What is expected:
Transcribe, exactly and without pictures, the lines below from the line with "Maak kennis met" to the line with "Yangının verdiği zararın", both ends included, and no others.

(Supplied information)

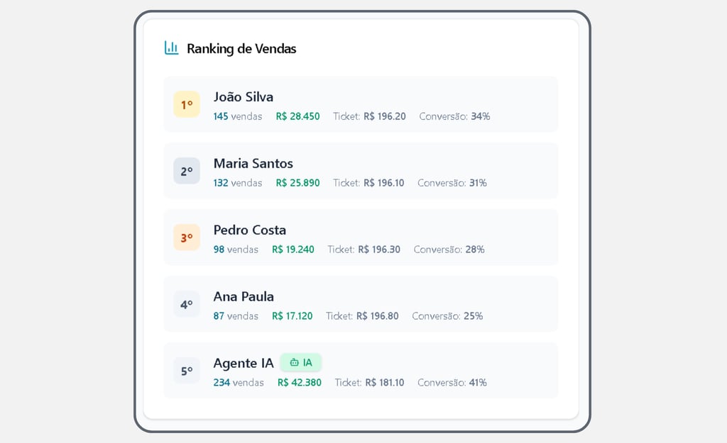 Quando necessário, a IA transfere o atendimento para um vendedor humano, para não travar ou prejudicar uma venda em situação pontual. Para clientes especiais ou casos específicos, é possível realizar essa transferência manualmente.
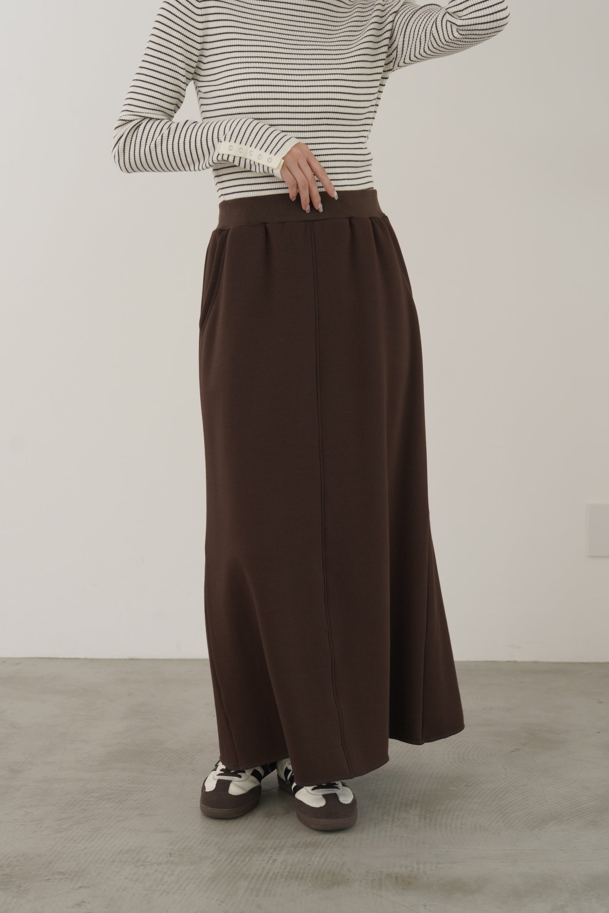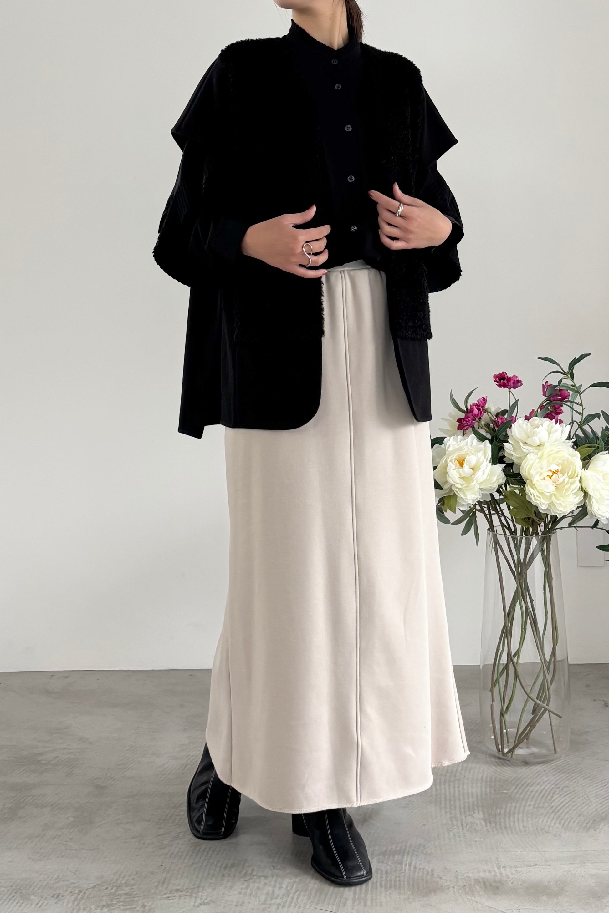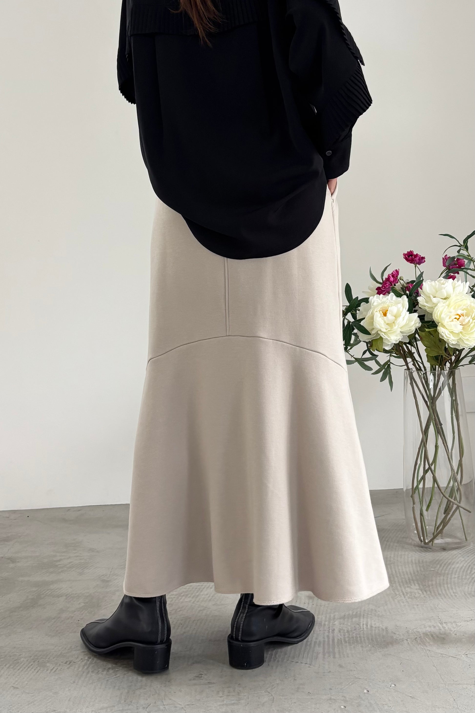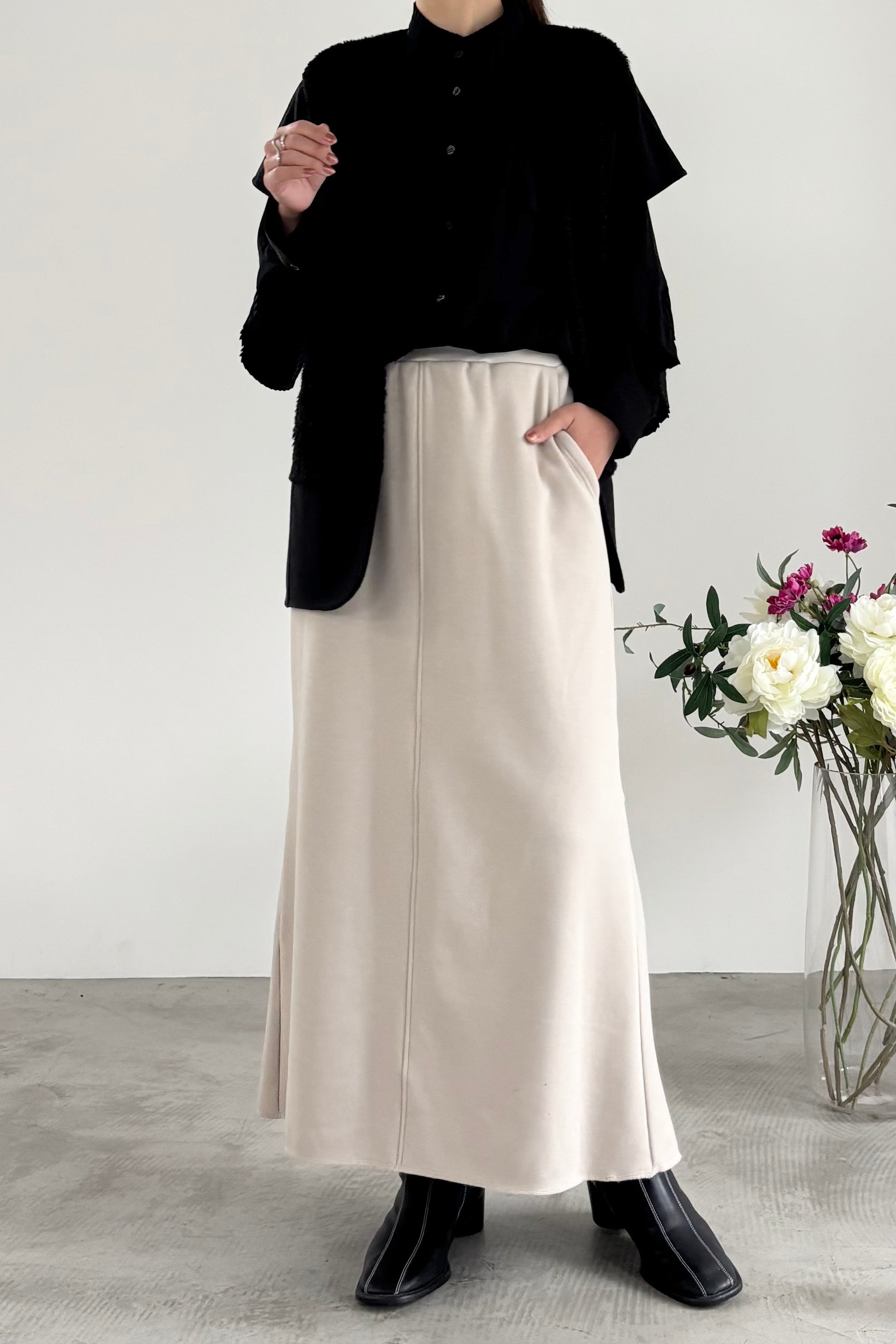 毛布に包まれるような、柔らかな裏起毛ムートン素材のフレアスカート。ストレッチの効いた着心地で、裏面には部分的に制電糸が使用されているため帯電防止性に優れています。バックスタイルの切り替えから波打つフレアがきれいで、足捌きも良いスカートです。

(End Supplied information)
(Supplied information)

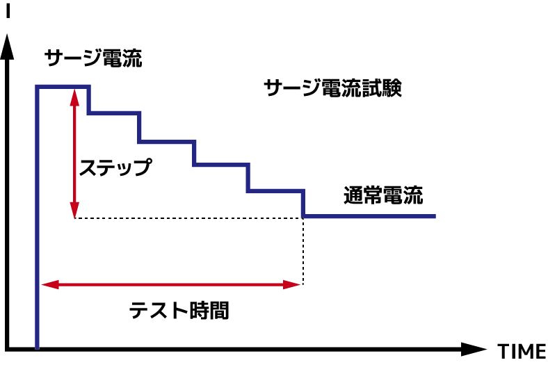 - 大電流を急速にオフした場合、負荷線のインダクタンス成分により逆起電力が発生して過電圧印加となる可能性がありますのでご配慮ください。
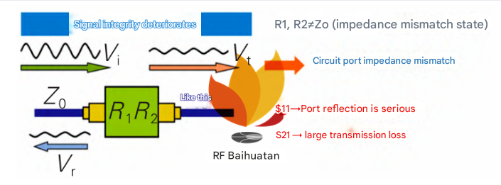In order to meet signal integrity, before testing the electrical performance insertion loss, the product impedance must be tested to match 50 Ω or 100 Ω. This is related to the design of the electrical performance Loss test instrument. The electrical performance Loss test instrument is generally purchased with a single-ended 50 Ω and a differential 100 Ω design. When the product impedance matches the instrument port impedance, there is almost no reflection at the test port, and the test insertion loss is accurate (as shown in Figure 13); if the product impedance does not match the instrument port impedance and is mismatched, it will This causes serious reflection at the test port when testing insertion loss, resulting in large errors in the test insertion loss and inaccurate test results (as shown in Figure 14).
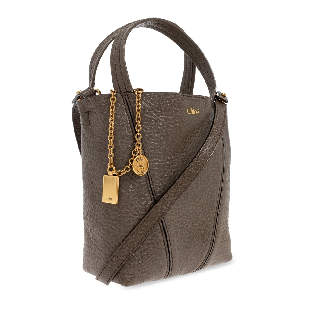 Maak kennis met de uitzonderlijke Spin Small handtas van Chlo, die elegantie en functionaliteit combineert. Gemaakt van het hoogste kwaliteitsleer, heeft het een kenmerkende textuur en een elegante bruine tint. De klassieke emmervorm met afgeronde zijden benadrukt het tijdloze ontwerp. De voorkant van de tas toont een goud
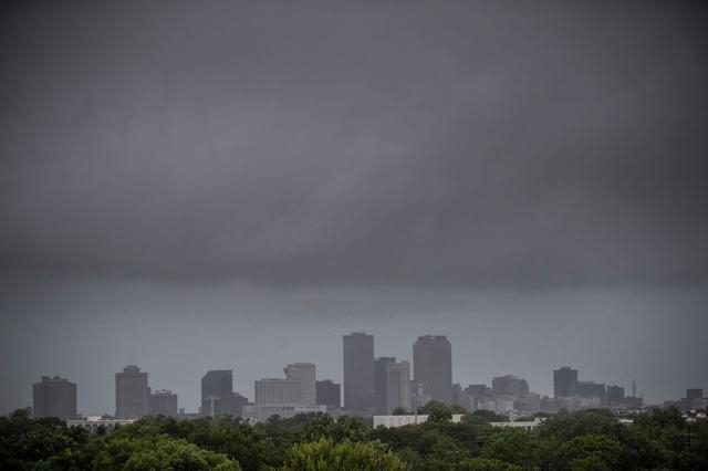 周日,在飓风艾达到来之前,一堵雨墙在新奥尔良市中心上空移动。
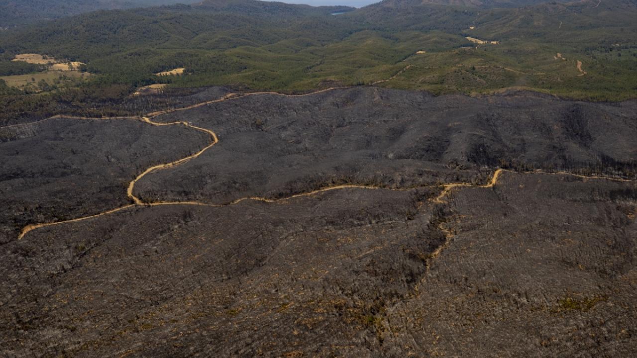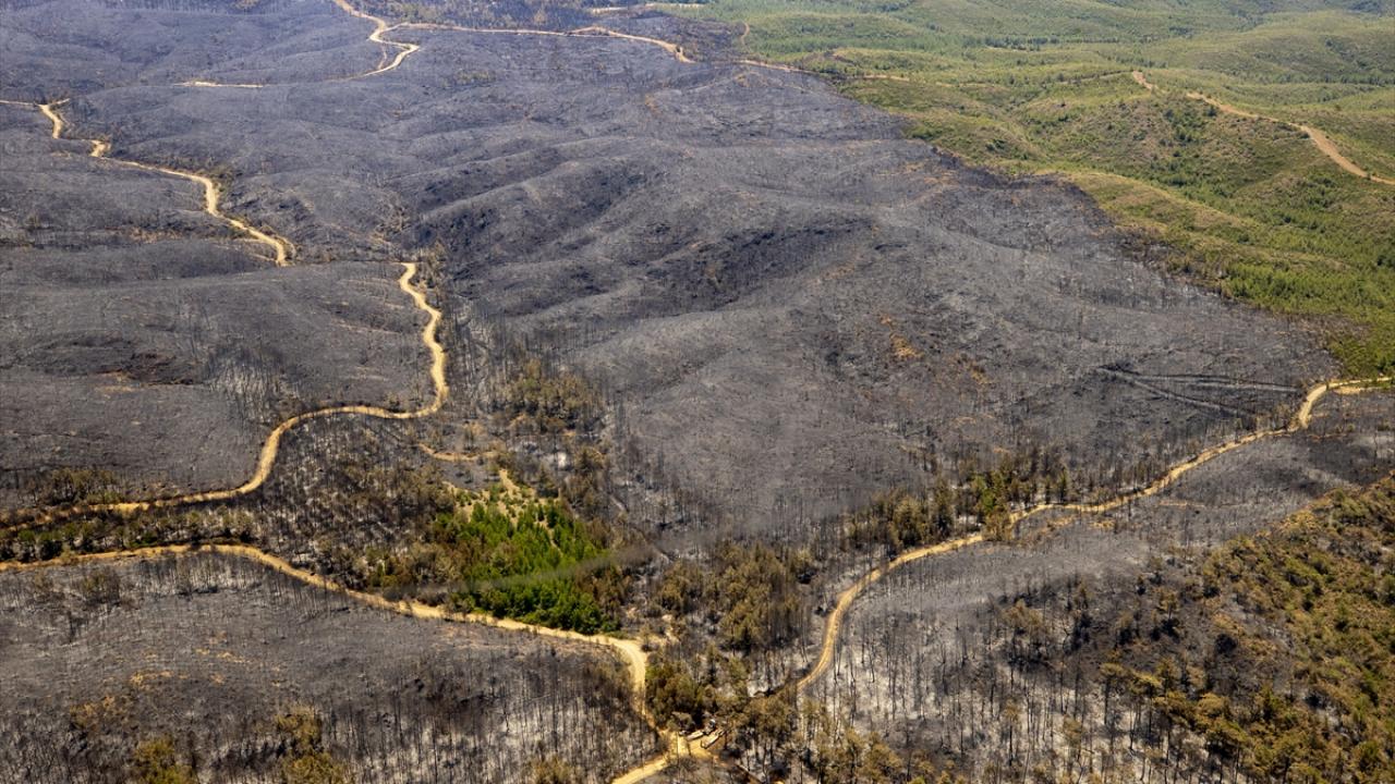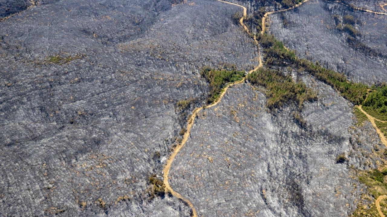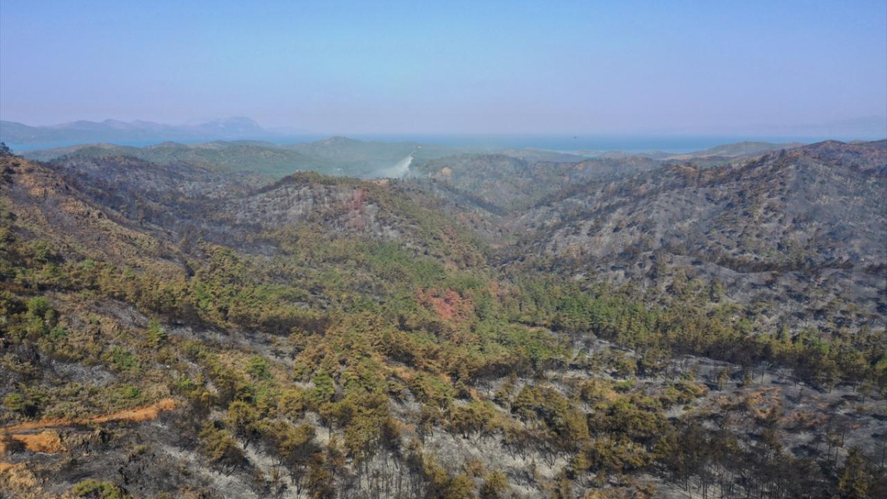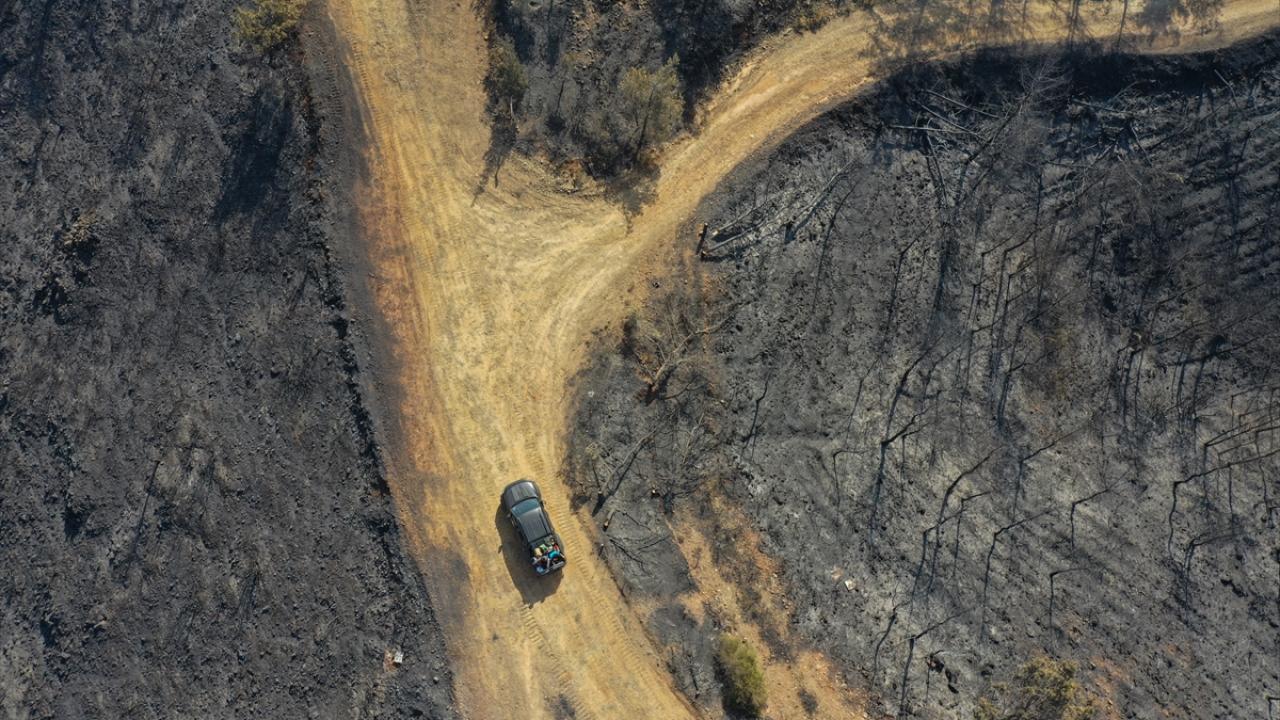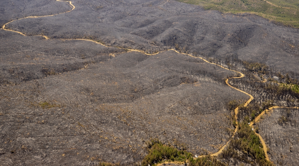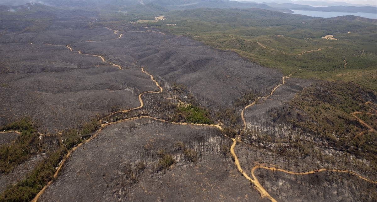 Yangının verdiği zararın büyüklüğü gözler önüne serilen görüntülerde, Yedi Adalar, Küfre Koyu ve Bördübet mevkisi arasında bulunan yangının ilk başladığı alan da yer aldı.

(End Supplied information)

Task result:
 Maak kennis met de uitzonderlijke Spin Small handtas van Chlo, die elegantie en functionaliteit combineert. Gemaakt van het hoogste kwaliteitsleer, heeft het een kenmerkende textuur en een elegante bruine tint. De klassieke emmervorm met afgeronde zijden benadrukt het tijdloze ontwerp. De voorkant van de tas toont een goud
 周日,在飓风艾达到来之前,一堵雨墙在新奥尔良市中心上空移动。
 Yangının verdiği zararın büyüklüğü gözler önüne serilen görüntülerde, Yedi Adalar, Küfre Koyu ve Bördübet mevkisi arasında bulunan yangının ilk başladığı alan da yer aldı.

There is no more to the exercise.